Custom lens versions for people who wear glasses to see distance are not available at this time.

Also available are Safety Reading Glasses (or is that Reading Safety Glasses ?). These are standard reading glasses, like you buy at the drugstore, but they are ANSI Z87+ rated. Perfect for use around the shop, or loading bench. Unlike other safety reading glasses I have found, these are not bifocals. The lens is a single vision lens, so you do not have to tip your head back to see what you are doing – especially good if you are working with power tools and need your focus right all the time. These are available in a range of powers from +1.25 diopters, up to +3.00 diopters, depending on how close you need to focus. +1.5 is just about arm’s length work, +2.0 is reading distance, and +3.0 is up close work.

Price is $35 for the Shooting Safety Glasses, and $25 for the Reading Safety Glasses. Have not figured out international shipping costs, but it can't be that much.

Details can be seen at:
http://www.shootingsight.com/shootingglasses.html

Image

Art Neergaard
shootingsight@nuvox.net

Re: Shooting Safety Glasses - New Product from ShootingSight

Posted: Sun Oct 30, 2011 12:13 am
by kennyc
sorry couldn't resist it, Gerry Anderson was there 40yrs ago :D
brains-thiunderbir_1211873f.jpg

Re: Shooting Safety Glasses - New Product from ShootingSight

Posted: Sun Oct 30, 2011 1:17 am
by Dave 101
:lol: :lol: :lol:

Re: Shooting Safety Glasses - New Product from ShootingSight

Posted: Sun Oct 30, 2011 4:47 am
by ShootingSight
Too late with another good idea .... again!

Re: Shooting Safety Glasses - New Product from ShootingSight

Posted: Sun Oct 30, 2011 6:15 am
by dromia
Do they come cased to stop scratching when being carried around and not in use?

Re: Shooting Safety Glasses - New Product from ShootingSight

Posted: Sun Oct 30, 2011 10:26 am
by M99
A damn sight cheaper than my Oakley's!! - One thing I always wear on the range (But oddly enough not when game shooting) is eye protection - I'd be lost without my vision - well worth protecting.

Mike

Re: Shooting Safety Glasses - New Product from ShootingSight

Posted: Sun Oct 30, 2011 12:54 pm
by ShootingSight
They do not come cased. I usually use one of those purple felt bags that the bottles of Crown Royal whiskey come in, but at the price I am asking, I just could not make the economics work when I tried adding a bottle of Crown Royal into every sale.

The magic in these is not the safety glasses themselves, which are just your standard cheap safety glasses, but the low power corrective lenses they have.
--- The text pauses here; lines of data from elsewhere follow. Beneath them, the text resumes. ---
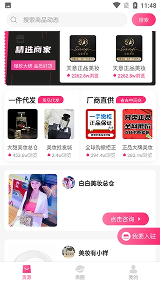 1、一款聚合优质美妆货源的批发软件,拥有海量一手货源,支持一件代发服务。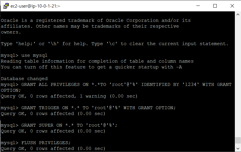 use mysql GRANT ALL PRIVILEGES ON *.* TO 'root'@'%' IDENTIFIED BY '패스워드' WITH GRANT OPTION; GRANT TRIGGER ON *.* TO 'root'@'%' WITH GRANT OPTION; GRANT SUPER ON *.* TO 'root'@'%'; FLUSH PRIVILEGES;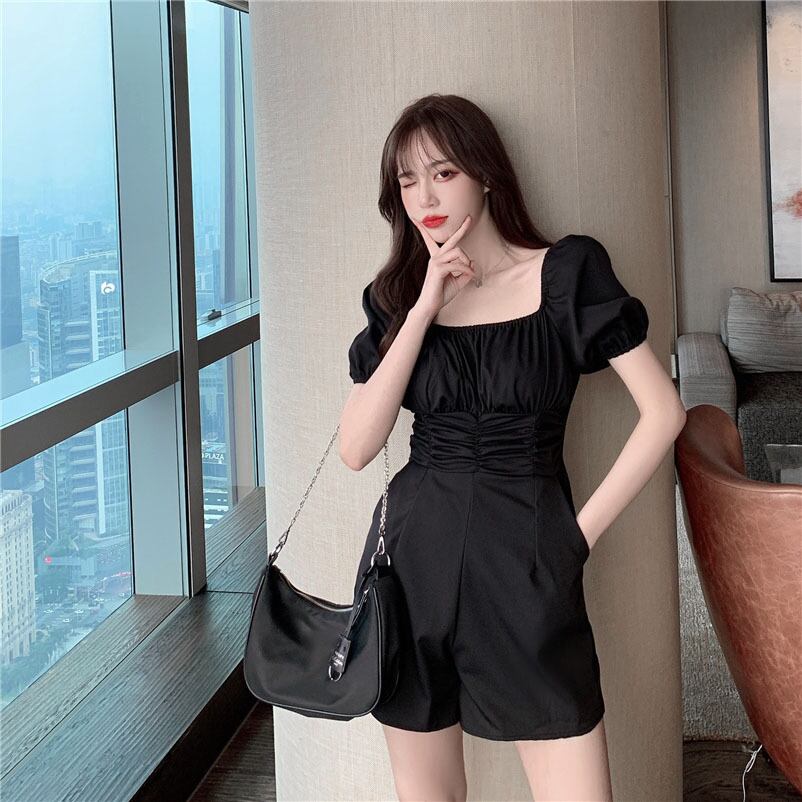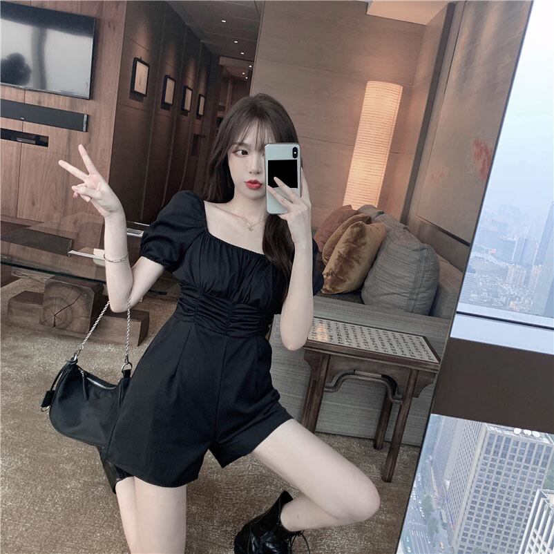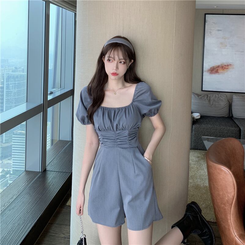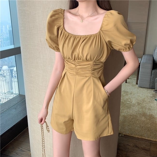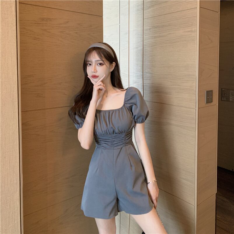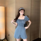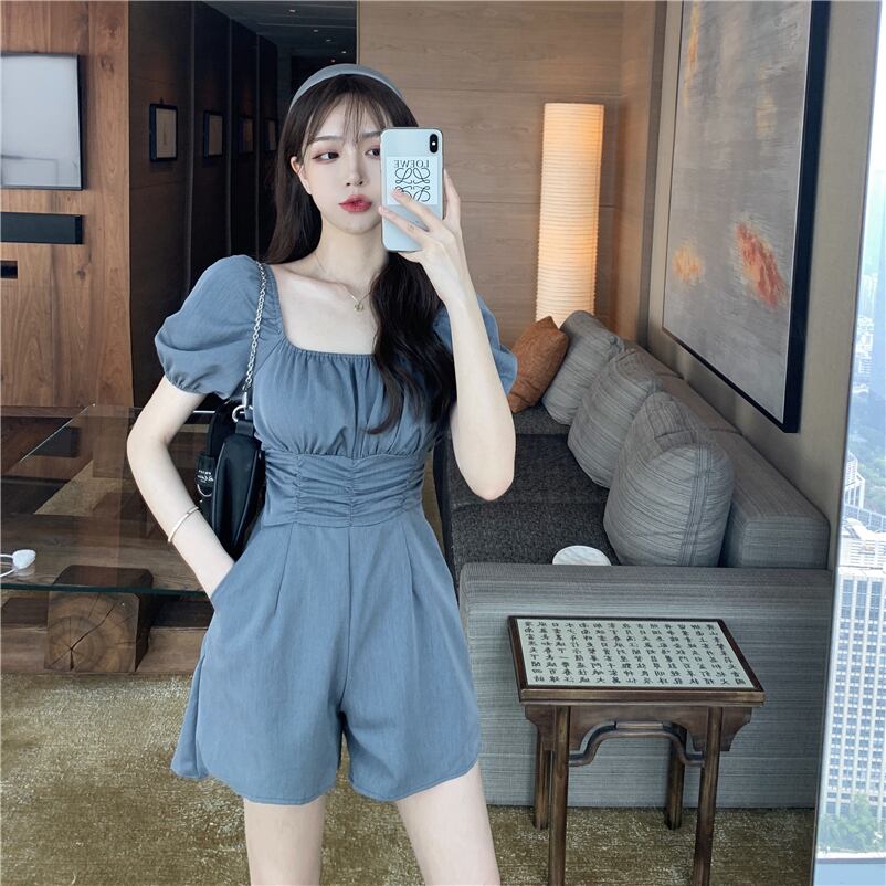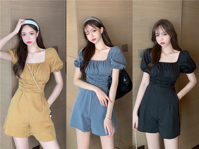全3色 ジャンプスーツ ショートサロペット オールインワン オーバーオール スクエアネック フロントコンシャス 半袖 パフスリーブ ハイウエスト カジュアル 可愛い デート お出かけ 韓国ファッション リゾート 夏

No other 'shooting glasses' manufacturer have bothered to understand the optical needs of a shooter to figure out where your focal point ought to be to establish proper juxtaposition of the front sight and the target.

Art

Re: Shooting Safety Glasses - New Product from ShootingSight

Posted: Sun Oct 30, 2011 1:00 pm
by dromia
I am very interested in these glasses as they just what I feel I need but unless there is some effective way of protecting them then they will go the way of all the other shooting glasses I've had before them, scratched and useless.
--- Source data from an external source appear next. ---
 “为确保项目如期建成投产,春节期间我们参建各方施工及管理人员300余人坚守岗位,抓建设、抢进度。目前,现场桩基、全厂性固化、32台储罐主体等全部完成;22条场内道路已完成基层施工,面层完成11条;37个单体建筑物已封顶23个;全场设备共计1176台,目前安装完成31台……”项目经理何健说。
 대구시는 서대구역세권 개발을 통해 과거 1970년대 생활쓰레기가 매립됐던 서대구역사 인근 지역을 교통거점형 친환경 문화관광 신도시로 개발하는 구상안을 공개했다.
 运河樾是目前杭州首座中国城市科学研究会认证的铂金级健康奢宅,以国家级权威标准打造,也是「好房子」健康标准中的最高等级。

I've tried various soft bag options with glasses in the past and found none of them satisfactory.

Looks like the hunt for shooting safety glasses continues. :(

Re: Shooting Safety Glasses - New Product from ShootingSight

Posted: Tue Nov 01, 2011 8:25 am
by M99
dromia wrote:I am very interested in these glasses as they just what I feel I need but unless there is some effective way of protecting them then they will go the way of all the other shooting glasses I've had before them, scratched and useless.

I've tried various soft bag options with glasses in the past and found none of them satisfactory.
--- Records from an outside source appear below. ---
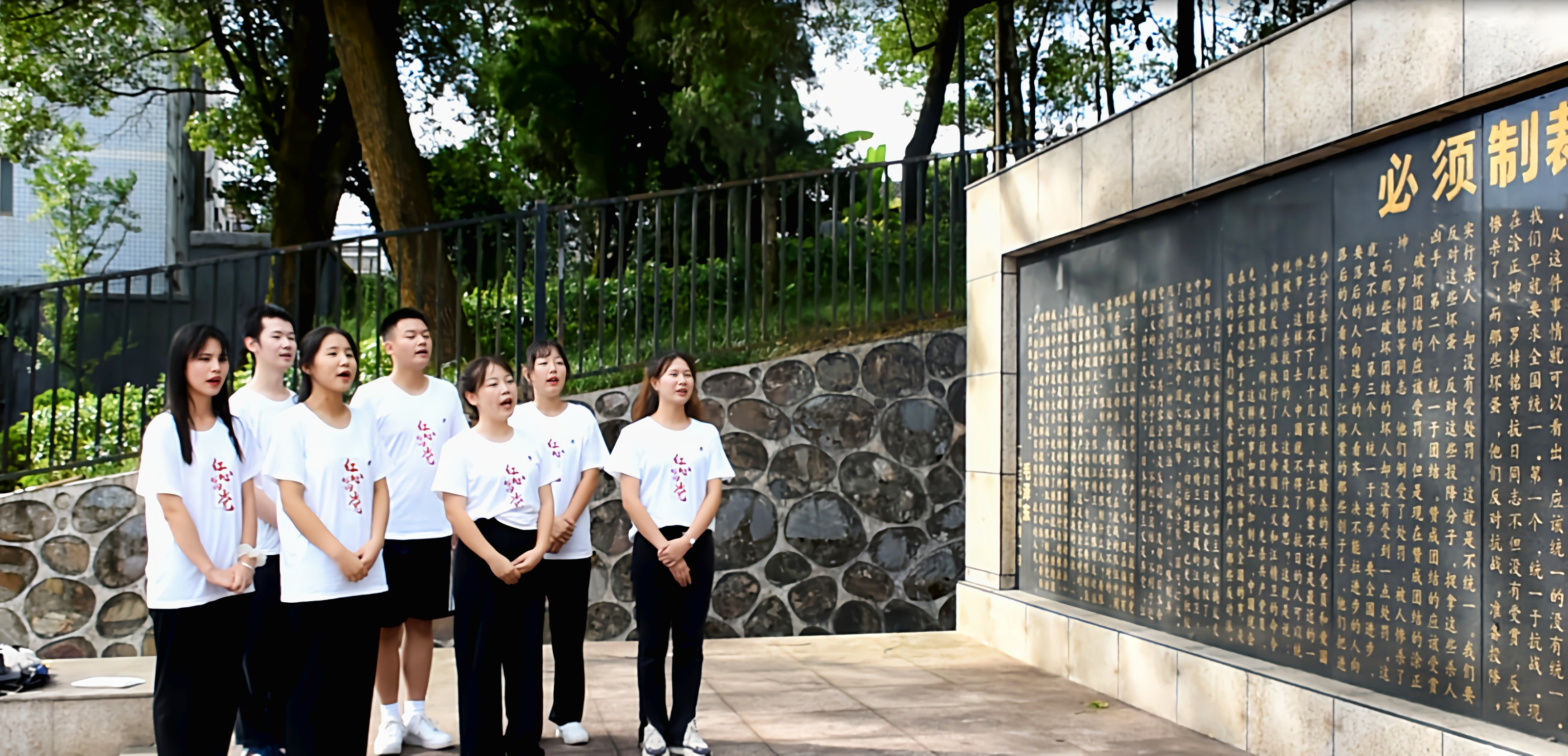在参观完平江惨案遗址后我们来到了加义烈士陵园,首先映入眼帘的是昭后亭,这里曾是曾金声、吴贺泉、罗梓铭、赵禄吟烈士被活埋牺牲的地方。在谢洁老师的带领下,团队成员共同学习了石碑上毛泽东同志作出的著名演说《必须制裁反动派》,并在烈士墓碑前重温入团誓词,一句句誓词,让心中的理想信念愈发坚定。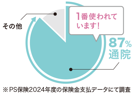 PS保険のデータによると、保険金支払いのうち、通院の割合はなんと約87%を占めています。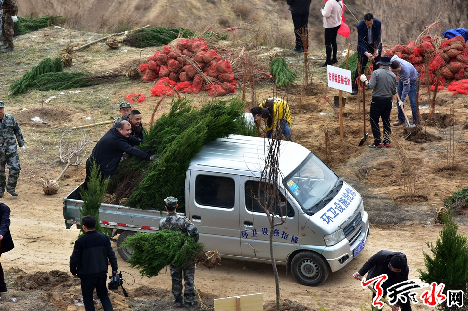 当天,来自市直和秦州区的140多个单位共计1.1万余人参加义务植树活动,共栽植连翘、侧柏等苗木3万多株。 在大家的共同努力下,一株株树苗昂然挺立、错落有致,在和煦的春风中展现着蓬勃生机。

Looks like the hunt for shooting safety glasses continues. :(

Buy the glasses, then get a hard case from these guys - 2 styles, one for glasses with more than one set of lenses:

http://www.military1st.co.uk/61161-swis ... black.html

and one for standard:

http://www.military1st.co.uk/61153-swis ... black.html

Job done!

The first case is very similar in design to the one I got with my Oakley's

Mike

Re: Shooting Safety Glasses - New Product from ShootingSight

Posted: Tue Nov 01, 2011 8:32 am
by dromia
Looks good, but are you sure shooting sights glasses will fit in that tin?